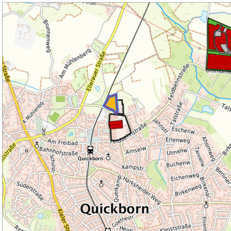
Detaildarstellung der gesuchten Gewerbefläche
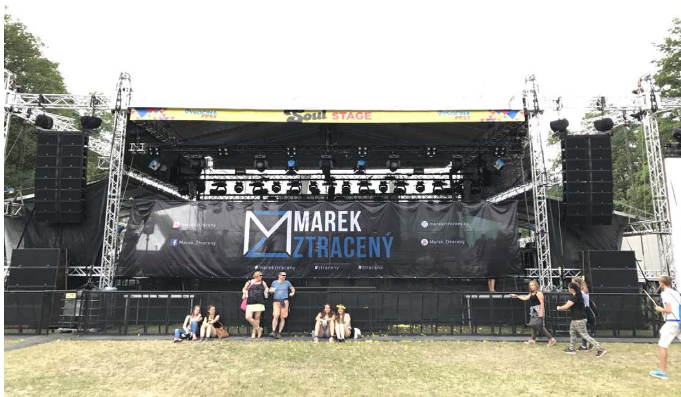
Obrázek č. 2: Plachta na zvukovou zkoušku
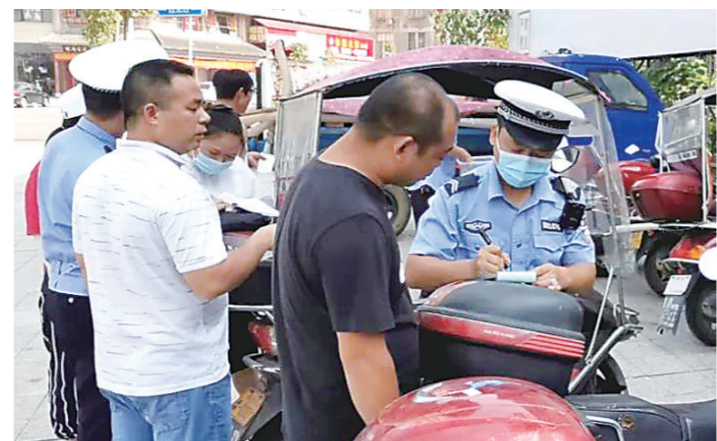
▲茶陵县交警大队查处不戴安全头盔等违法行为。

职权、玩忽职守等刑事犯罪的,一律依法追究刑事责任。对违法违规生产、销售以及发布虚假或引人误解宣传广告造成损害的,引导受害人向人民法院提起民事诉讼,依法追究生产、销售企业相应的赔偿责任。
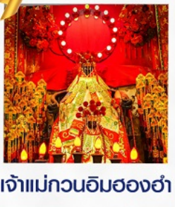
เจ้าแม่กวนอิมฮ่องกง

100% GUARANTEE 100% GUARANTEE การ์ตูนที่พักย่านช้อปปิ้ง โรงแรม Eaton Hotel และ iclub Mong Kok Hotel
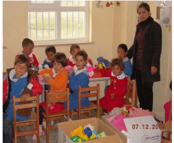
Kardeş Okul Resimleri
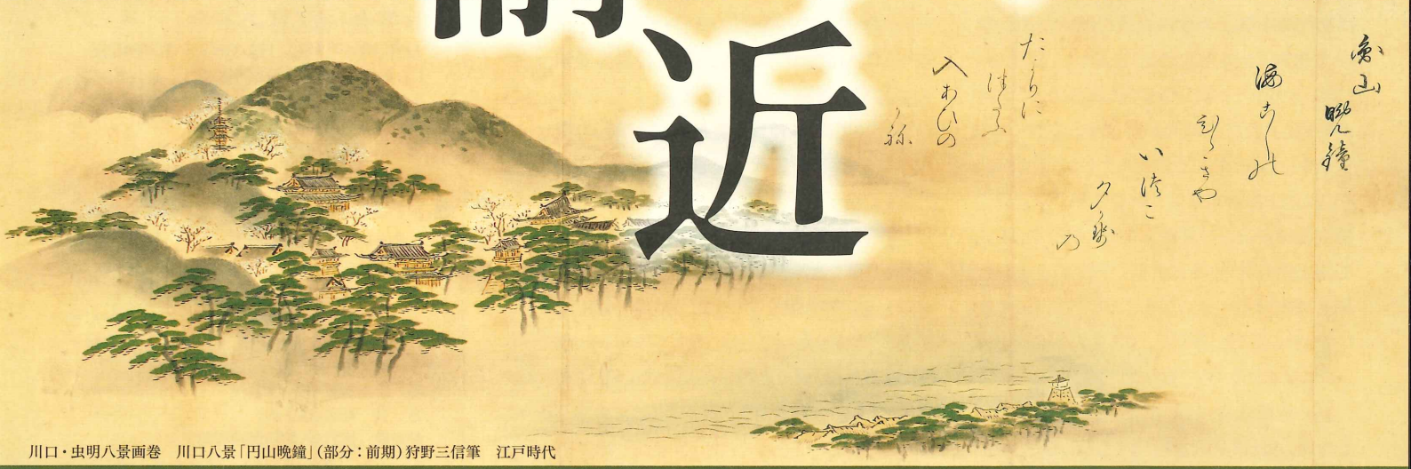
川口・虫明八景画卷 川口八景「円山晚鐘」(部分:前期)狩野三信筆 江戸時代
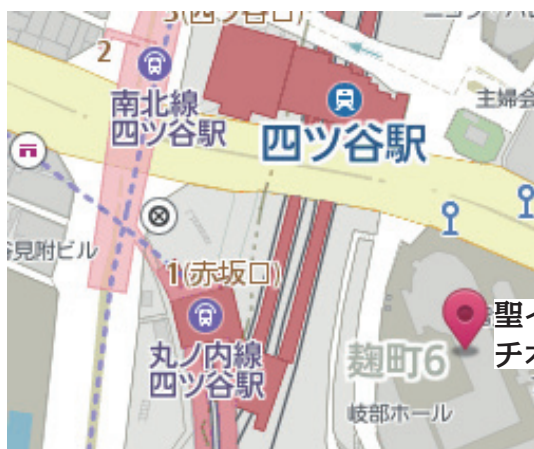
聖イグナチオ教会
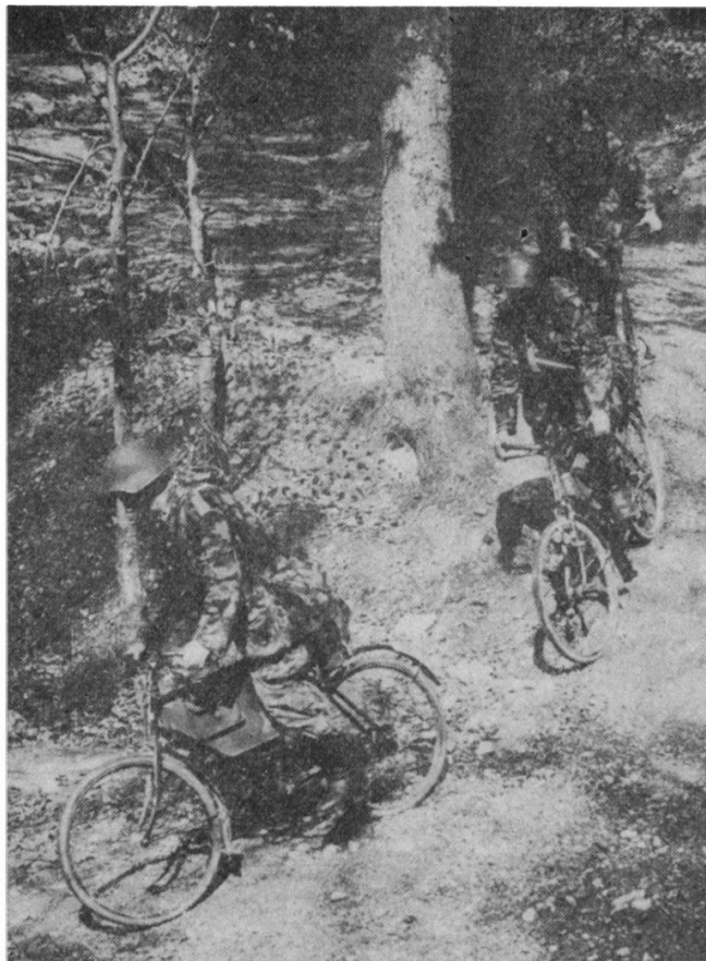
Fig. 3. — ... leur faculté de se mouvoir dans tous les terrains ...
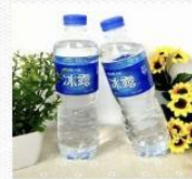
水 [shuǐ] вода
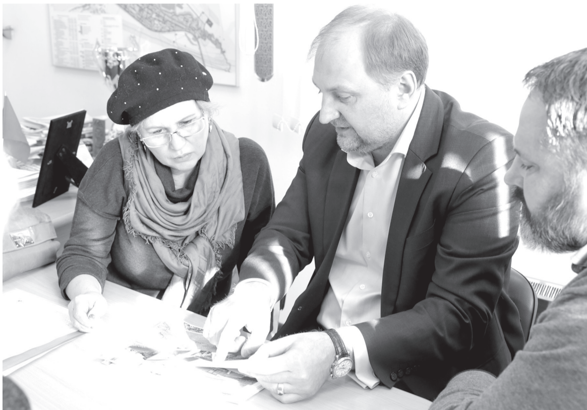
Следующий этап – проектирование и строительство котельной за границами поселения

- К главе поселка Емельяново мы приехали сегодня для того, чтобы посмотреть, что можно сделать именно по проблемам поселка Емельяново. Главное, что мы объединили в одну рабочую группу здесь в кабинете главы тех, кто спрашивал. И тех, кто отвечает на вопросы людей. Мы познакомимся с теми инициативными группами, которые готовы работать по проблемам поселения не точно – от случая к случаю, а в плановом рабочем порядке. Мы сегодня сняли вопрос по социальным торговым рядам. Принципиально вопрос решен.
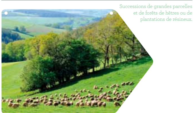
Successions de grandes parcelles et de forêts de hêtres ou de plantations de résineux.

Cette partie ondule entre larges collines et vallons. L'élevage, essentiellement ovin, impose la culture de grandes prairies fourragères. Le bocage* y est encore présent malgré des suppressions de haies (cf. fiche thématique dédiée à la haie). Le Viaur prend sa source au pied du Puech du Pal, près de La Clau. Les dernières zones humides et les tourbières sont à préserver pour conserver une mosaïque de milieux, riches en biodiversité (le verso de ce dossier traite de cette spécificité).
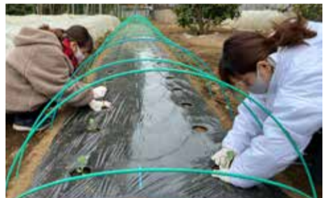
地域の生産緑地農家のお宅で農業体験。真剣な表情のインターン生。
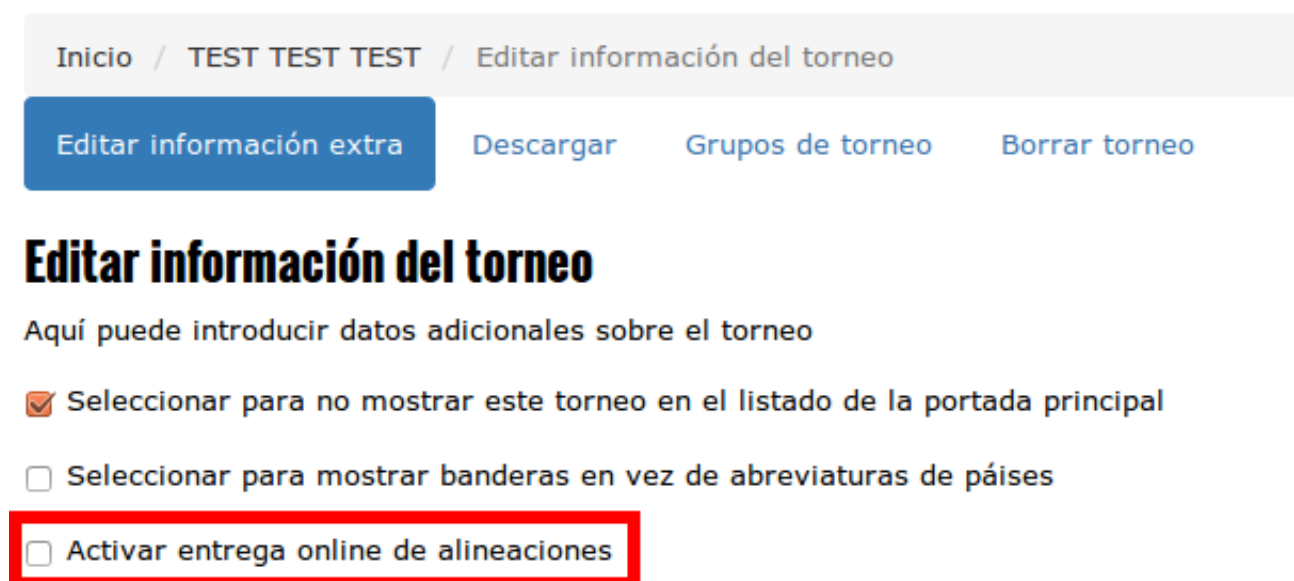
Imagen 4: Activar entrega de alineaciones online

En la pantalla de modificación de datos deberá activar la opción “Activar entrega online de alineaciones”:
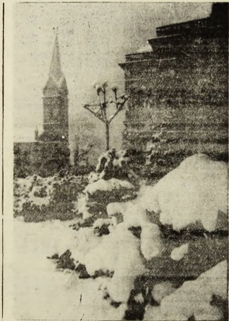
E iarăși iarnă-n Petroșani.
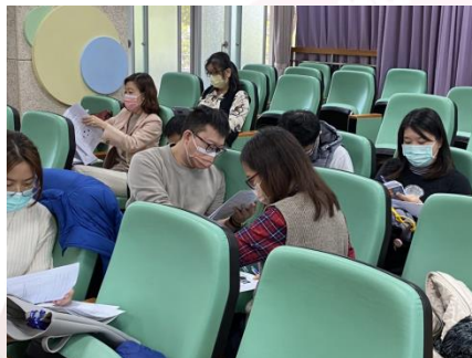
教學顧問現場授課
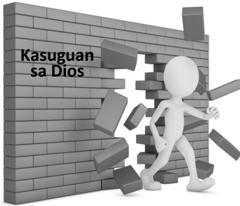
Ang sala mao ang paglapas sa Kasuguan

“Ang dautan magapatay sa dautan” (Salmo 34:21)
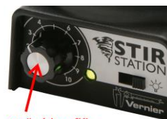
otočný knoflík magnetické míchačky

Directions for this task — Copy out every line of the data in which the word "online" is found.

Answer to this exercise —
Imagen 4: Activar entrega de alineaciones online
En la pantalla de modificación de datos deberá activar la opción “Activar entrega online de alineaciones”:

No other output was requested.